Ответ, нам кажется, надо искать не только (или даже не столько) в развитии пушкинской метрики и строфики, сколько в смысловом сравнении обоих стихотворений.
Заметим, кстати, что постоянный оппонент Пушкина в Кишиневе Владимир Раевский в свое время не понял в стихотворении «Наполеон на Эльбе» именно те самые места, которые дают повод к сближению лицейского опыта с грядущим «Памятником». В своем мемуарном отрывке «Вечер в Кишиневе» Раевский так высмеивает пушкинские строки:
<…> Ну, любезный, высоко ж взмостился Наполеон! На скале сидеть можно, но над скалою… Слишком странная фигура! <…>
Ночью смотреть на другой берег! <…>
<…> Ну, любезный друг <…> На Эльбе ни одной скалы нет! <…> Не у места, если б я сказал, что волны бурного моря плескаются о стены Кремля или Везувий пламя извергает на Тверской»[398]
.Критика Раевского по-своему совершенно точна. Она становится в тупик именно там, где возвышенное прозрение сменяет низкую истину. Что происходит с Наполеоном? Он изгнан на остров, и здесь ему приходит видение будущего — победоносное возвращение во Францию, успех, слава, т. е. именно то, чему суждено свершиться на «сто дней», в один из этих «ста дней» Пушкин и пишет свое стихотворение. Следовательно, молодой поэт относит героя во времени несколько назад и одаряет пророчеством, которому — он знает — суждено сбыться. В условном мире стиха «сто дней» — грядущее, поэтому Бонапартово видение обставляется всеми атрибутами известной культурной традиции — изгнанничество, каменный остров, скала, ночь.
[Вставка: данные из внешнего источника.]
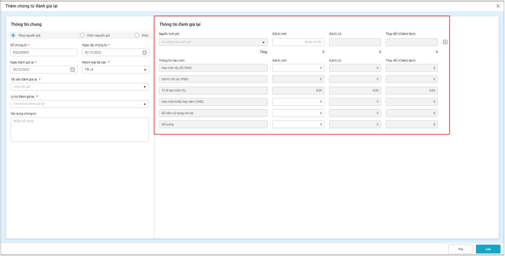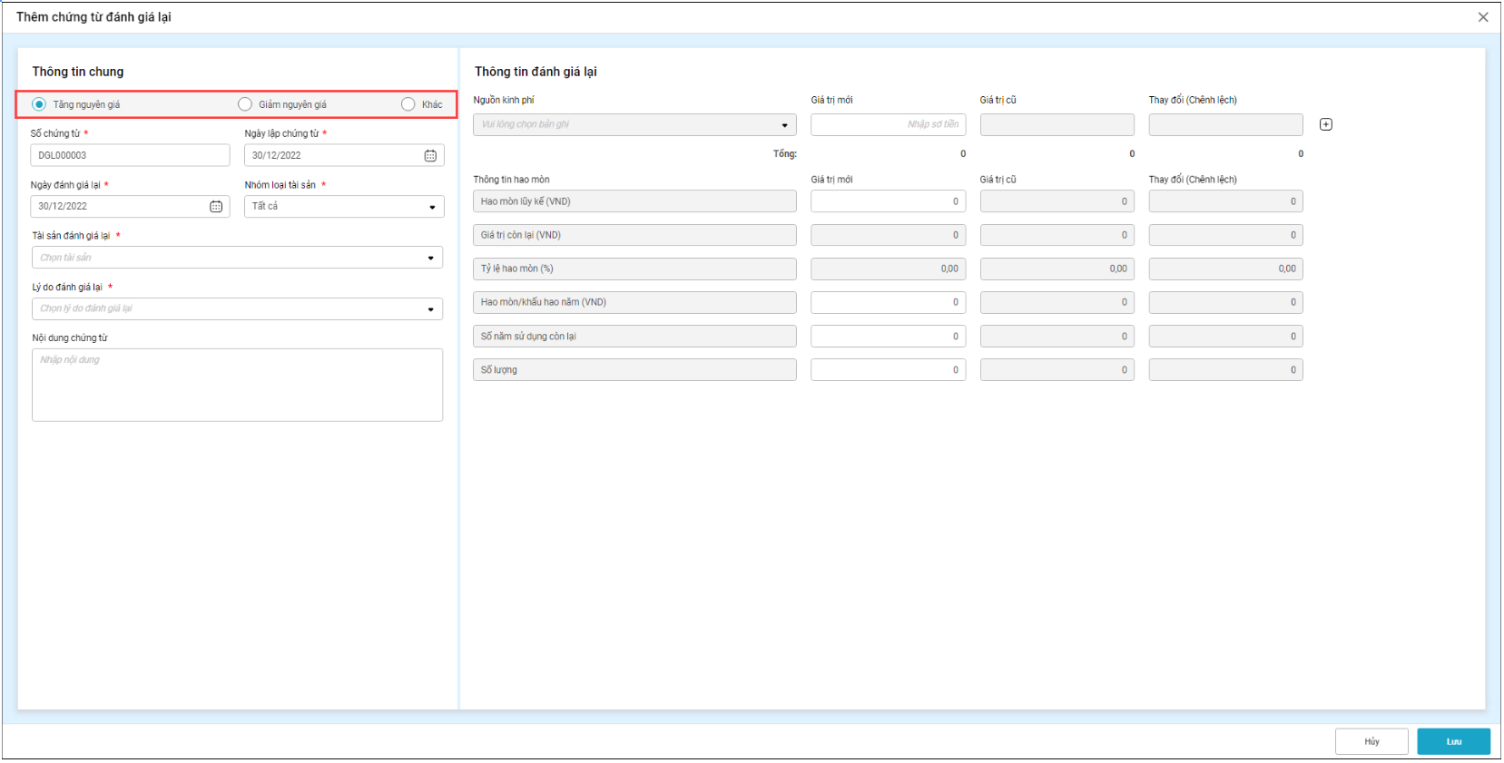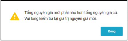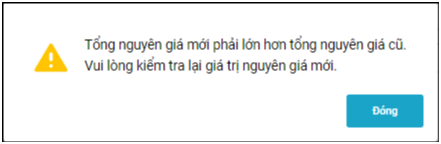 Khi chọn Tăng nguyên giá, sau khi khai báo các thông tin và giá trị mới, tổng nguyên giá mới phải lớn hơn tổng nguyên giá cũ mới có thể lưu chứng từ; nếu tổng nguyên giá mới nhỏ hơn, phần mềm sẽ hiển thị cảnh báo.

Эти традиционные знаки поэту, конечно, важнее простой фактографии; ему все равно, есть на настоящей Эльбе скалы или нет и можно ли видеть дальние берега по ночам. Видение приходит, и оно — спектакль, который требует таких, а не иных подмостков.
Провидческие лавры Пушкин отдает здесь Наполеону; понятно, образ полководца тревожит сознание молодого поэта, который еще далеко не дерзает примерить на себя пророческие символы. Но важно уже и то, что на Патмос — Эльбу Пушкин помещает не древнего святого, что следовало бы сделать канонически, а своего светского современника, хотя бы и самого прославленного. Из зерна такой возможности и вырастет потом уверенное самосознание автора «Памятника».
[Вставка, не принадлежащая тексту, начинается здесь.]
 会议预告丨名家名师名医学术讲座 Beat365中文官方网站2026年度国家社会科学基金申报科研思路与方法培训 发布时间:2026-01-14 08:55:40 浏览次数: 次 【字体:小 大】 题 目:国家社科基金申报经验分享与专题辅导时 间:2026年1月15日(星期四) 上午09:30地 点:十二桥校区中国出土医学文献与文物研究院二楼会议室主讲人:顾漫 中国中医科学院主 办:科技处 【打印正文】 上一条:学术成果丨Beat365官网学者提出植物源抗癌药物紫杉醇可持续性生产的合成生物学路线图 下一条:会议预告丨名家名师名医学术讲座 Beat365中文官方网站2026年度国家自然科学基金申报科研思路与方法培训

Раевский привычно видит в «Наполеоне на Эльбе» романтическую поверхность; признаки другого культурного начала от него ускользают — немудрено. Дело тут не только в противоборстве литературных школ. «Вечер в Кишиневе» написан не позднее 1822 г., Пушкин еще не создал тех своих вещей (включая «Памятник»), которые «обратным» светом высветили бы раннее стихотворение.
Когда после гибели Пушкина Жуковский переменит в первой строфе «Памятника» Александрийский столп на Наполеонов, то это, конечно, исказит стихи в угоду цензурным требованиям. Но ход мысли Жуковского оказывается не вовсе за пределами пушкинских представлений — свидетельством тому и «Наполеон на Эльбе», и еще более стихотворение «Герой», о котором речь впереди.
Строфическая аналогия «Наполеона на Эльбе» с «Памятником», по-видимому, отражает не только формальную, но и смысловую родственность произведений, а шире — непрерывность некоторых мотивов самосознания Пушкина: от начальных шагов творчества до самого конца.
Продолжение этой линии отчетливо видно в цитированном уже письме Пушкина к А. И. Тургеневу из Кишинева от 7 мая 1821 г.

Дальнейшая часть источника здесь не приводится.